INSTRUCTIONS FOR THE TASK >>
Below, locate the line that contains "(a) Setup of". Repeat exactly from that line to the line that contains "Características: Estrutura em", inclusive, leaving out the pictures.

DATA >>
=======

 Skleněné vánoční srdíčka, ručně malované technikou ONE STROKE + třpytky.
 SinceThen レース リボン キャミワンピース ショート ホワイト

=======

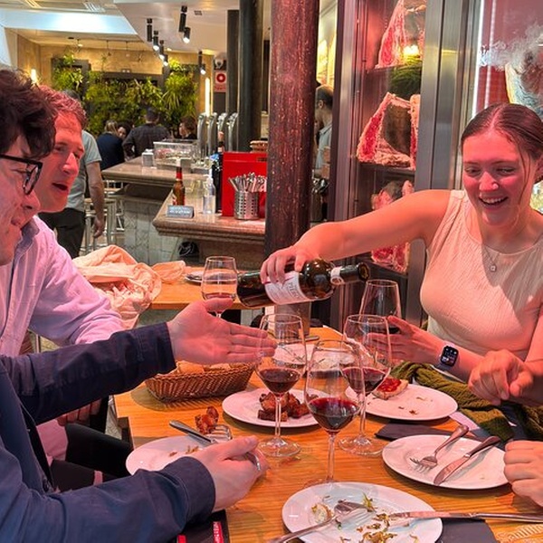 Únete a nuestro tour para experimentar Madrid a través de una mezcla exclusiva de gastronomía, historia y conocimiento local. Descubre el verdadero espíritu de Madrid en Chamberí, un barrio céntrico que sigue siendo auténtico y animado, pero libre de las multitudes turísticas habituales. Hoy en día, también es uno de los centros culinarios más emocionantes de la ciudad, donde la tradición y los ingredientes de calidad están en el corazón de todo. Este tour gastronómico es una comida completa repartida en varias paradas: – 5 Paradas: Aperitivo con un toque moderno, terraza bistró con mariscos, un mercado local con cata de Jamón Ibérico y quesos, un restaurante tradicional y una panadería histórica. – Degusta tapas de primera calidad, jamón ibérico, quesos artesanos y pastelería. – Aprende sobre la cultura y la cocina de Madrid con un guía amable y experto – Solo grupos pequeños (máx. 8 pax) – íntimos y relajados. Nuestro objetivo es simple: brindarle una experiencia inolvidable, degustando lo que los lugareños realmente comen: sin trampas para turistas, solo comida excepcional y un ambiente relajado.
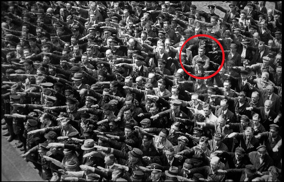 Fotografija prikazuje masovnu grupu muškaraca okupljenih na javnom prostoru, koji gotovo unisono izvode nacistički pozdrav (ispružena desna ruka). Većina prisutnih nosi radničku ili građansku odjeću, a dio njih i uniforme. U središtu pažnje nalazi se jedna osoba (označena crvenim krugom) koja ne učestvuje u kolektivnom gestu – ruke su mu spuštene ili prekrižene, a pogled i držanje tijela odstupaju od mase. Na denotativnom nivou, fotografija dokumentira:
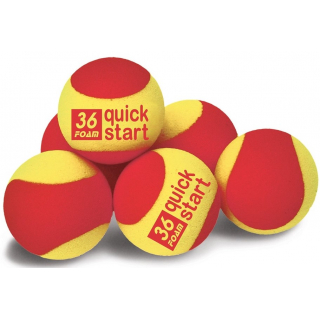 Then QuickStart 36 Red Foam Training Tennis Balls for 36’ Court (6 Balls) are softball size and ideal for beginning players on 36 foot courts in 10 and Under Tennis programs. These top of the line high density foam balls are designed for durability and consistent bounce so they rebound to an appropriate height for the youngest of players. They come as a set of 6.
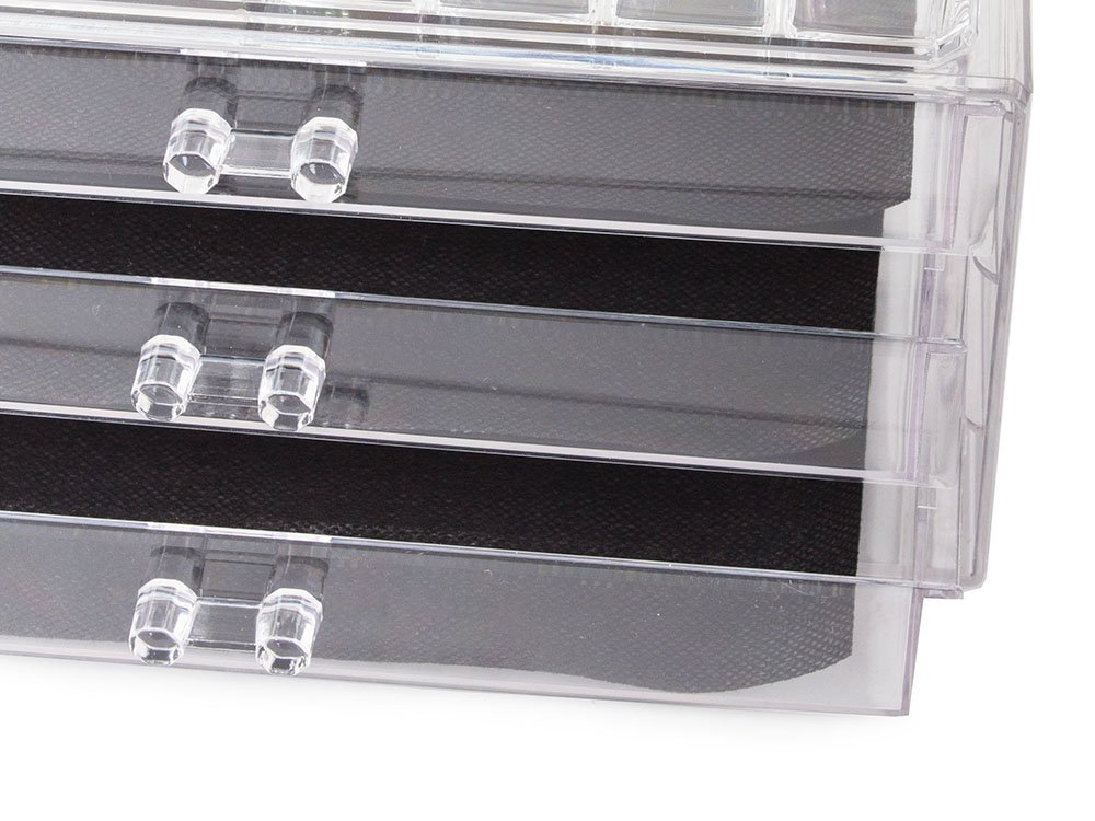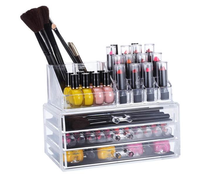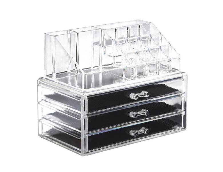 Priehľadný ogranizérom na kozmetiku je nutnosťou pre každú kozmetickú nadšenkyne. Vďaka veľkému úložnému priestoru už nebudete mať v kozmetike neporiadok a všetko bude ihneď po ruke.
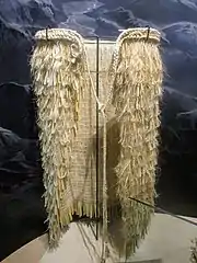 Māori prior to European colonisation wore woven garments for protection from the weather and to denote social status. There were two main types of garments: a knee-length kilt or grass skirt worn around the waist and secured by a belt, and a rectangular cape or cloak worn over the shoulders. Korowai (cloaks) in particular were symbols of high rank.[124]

=======

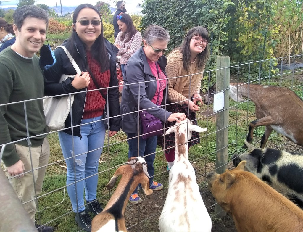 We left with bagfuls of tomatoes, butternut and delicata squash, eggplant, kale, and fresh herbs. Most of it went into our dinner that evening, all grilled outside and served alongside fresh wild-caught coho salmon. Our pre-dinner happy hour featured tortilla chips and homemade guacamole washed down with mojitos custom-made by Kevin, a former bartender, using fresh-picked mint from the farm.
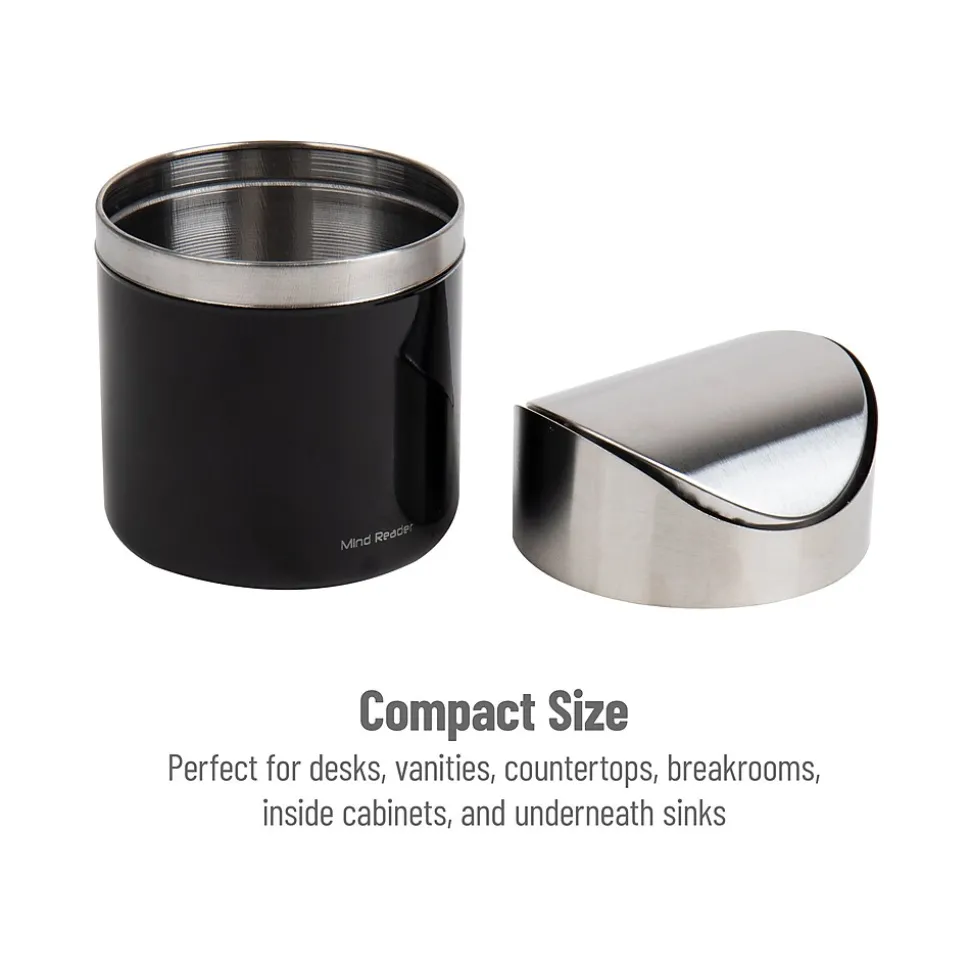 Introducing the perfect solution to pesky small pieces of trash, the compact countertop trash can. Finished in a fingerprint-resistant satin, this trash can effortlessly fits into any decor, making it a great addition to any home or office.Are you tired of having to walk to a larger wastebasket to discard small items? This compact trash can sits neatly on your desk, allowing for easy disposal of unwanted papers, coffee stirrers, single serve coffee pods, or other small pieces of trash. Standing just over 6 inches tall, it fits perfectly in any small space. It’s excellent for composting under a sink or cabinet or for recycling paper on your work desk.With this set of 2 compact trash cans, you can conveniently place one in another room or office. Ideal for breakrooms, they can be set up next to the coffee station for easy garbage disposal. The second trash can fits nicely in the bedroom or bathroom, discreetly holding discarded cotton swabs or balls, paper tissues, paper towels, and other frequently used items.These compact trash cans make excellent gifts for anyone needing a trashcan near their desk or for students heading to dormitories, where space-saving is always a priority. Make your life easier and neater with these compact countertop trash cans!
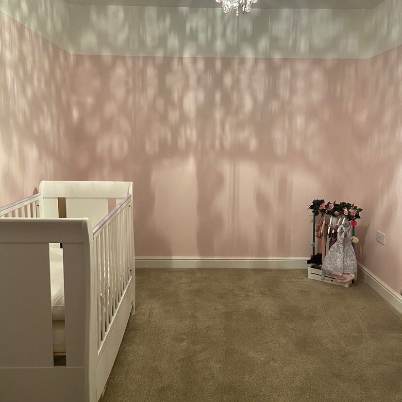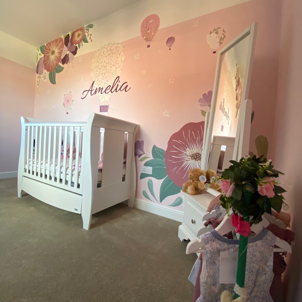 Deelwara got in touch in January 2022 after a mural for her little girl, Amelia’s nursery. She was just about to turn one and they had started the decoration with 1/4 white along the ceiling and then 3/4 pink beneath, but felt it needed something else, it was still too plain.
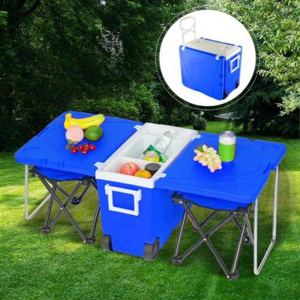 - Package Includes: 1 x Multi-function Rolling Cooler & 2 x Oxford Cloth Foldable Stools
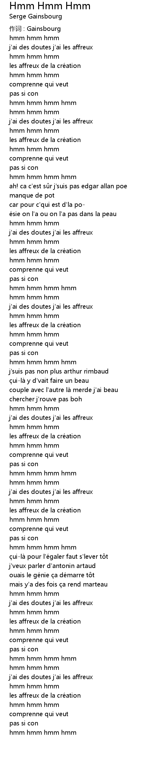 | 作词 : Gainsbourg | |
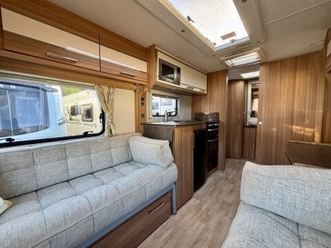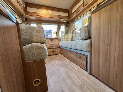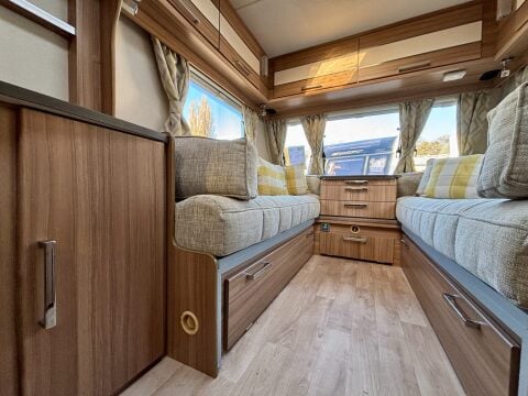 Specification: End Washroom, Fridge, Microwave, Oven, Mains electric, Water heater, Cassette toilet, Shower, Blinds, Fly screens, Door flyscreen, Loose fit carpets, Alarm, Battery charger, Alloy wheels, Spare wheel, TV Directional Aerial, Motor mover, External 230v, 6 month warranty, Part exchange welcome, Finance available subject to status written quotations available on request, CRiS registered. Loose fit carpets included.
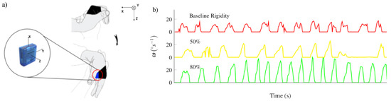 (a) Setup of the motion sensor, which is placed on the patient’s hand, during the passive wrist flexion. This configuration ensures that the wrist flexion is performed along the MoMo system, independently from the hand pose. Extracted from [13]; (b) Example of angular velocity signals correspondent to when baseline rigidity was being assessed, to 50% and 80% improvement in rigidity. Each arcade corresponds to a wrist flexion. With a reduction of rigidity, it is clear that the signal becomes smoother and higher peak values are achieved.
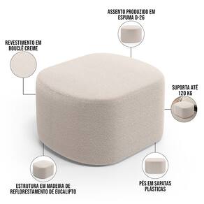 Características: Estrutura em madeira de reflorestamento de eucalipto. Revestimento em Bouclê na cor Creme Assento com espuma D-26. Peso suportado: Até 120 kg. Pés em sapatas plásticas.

=======

OUTPUT >>
 (a) Setup of the motion sensor, which is placed on the patient’s hand, during the passive wrist flexion. This configuration ensures that the wrist flexion is performed along the MoMo system, independently from the hand pose. Extracted from [13]; (b) Example of angular velocity signals correspondent to when baseline rigidity was being assessed, to 50% and 80% improvement in rigidity. Each arcade corresponds to a wrist flexion. With a reduction of rigidity, it is clear that the signal becomes smoother and higher peak values are achieved.
 Características: Estrutura em madeira de reflorestamento de eucalipto. Revestimento em Bouclê na cor Creme Assento com espuma D-26. Peso suportado: Até 120 kg. Pés em sapatas plásticas.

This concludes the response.